# pronunciation of הגעת



## Ali Smith

שלום!

Is the formal pronunciation of הגעת (when speaking to a man) "higa'ata"? Similarly, when speaking to a woman is the formal pronunciation "higa'at"? I know the colloquial pronunciations are "higata" and "higat" respectively.

תודה!


----------



## Techref

I guess you pretty much answered the question yourself =)


----------



## Drink

I think this came up recently with השתגעת. No, it is not higa'ata, it is higa'ta. And while higa'at is a technically accepted alternative, since it is found in the Bible, more usually it's also higa't.



Techref said:


> I guess you pretty much answered the question yourself =)



Sorry, that is incorrect.


----------



## Techref

Drink said:


> Sorry, that is incorrect.



Thanks for highlighting


----------



## Ali Smith

I just heard a native speaker say it several times. Each time she clearly pronounced הגעת with a long a: _higaata_. She did _not_ pronounce it with a pause in between, i.e. _higa'ata_. Later she said נסעת, and once again she said _nasaata_, not _nasata_ or _nasa'ta_.


----------



## utopia

In colloquial ashkenazi Hebrew it's higata and higat.

Nasata and nasat (נסעת)


----------



## Drink

Modern Hebrew is a stress-timed language. That means (among other things) that stressed syllables are longer than unstressed ones. Perhaps that is why you heard the "a" as longer.


----------



## Ali Smith

That explains why Israelis pronounce מה, השתגעת?‎‎ (What, have you gone mad?) as "ma, hishtagata?" with a long "a". Or at least I think they do.


----------



## Drink

But the lengthened syllable could just be because of the combination of stress and intonation. What makes you think it has anything to do with the ע?


----------



## utopia

Both A in the preceding syllable and the ע combine to one long stressed A sound.


----------



## Drink

utopia said:


> Both A in the preceding syllable and the ע combine to one long stressed A sound.
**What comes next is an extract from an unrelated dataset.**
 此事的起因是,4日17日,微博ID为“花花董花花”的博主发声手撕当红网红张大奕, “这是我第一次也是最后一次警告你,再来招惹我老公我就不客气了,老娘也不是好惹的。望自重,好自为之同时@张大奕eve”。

I'm skeptical that the ע has anything to do with it.

Let's try to compare. Is it really longer than the vowel in קראת? Is it really longer than the vowel in היא מתה על זה? Is it really longer than the vowel in היא זזה משם?


----------



## utopia

sometimes it sounds longer and sometimes it sounds just as the rest of the vowels in the word.
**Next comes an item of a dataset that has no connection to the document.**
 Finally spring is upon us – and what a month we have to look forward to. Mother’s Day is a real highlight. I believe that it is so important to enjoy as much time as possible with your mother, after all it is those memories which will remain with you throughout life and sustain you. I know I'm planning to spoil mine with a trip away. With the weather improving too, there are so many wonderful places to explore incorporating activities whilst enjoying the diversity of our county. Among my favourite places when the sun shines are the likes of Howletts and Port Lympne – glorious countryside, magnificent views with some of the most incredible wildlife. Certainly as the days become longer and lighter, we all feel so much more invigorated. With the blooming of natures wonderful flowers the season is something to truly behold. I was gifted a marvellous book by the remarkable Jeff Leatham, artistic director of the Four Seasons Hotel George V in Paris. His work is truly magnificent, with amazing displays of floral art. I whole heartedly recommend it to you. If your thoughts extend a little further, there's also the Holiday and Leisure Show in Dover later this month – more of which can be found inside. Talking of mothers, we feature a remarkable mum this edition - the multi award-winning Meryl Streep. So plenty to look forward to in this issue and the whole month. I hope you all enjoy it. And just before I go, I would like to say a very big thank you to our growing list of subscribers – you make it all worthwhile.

The thing is that both א and ע have the same influence: there are people who tend to lengthen the vowel because of them.


----------



## Drink

That's why I brought up מתה and זזה. There is no ע or ע there.


----------



## utopia

On second thought - THE ע in נסעת can (sometimes) have a prolonging effect.

I hear people saying נסעת as NASAATA (ע is not pronounced, but it's almost as saying nasa-ata).


----------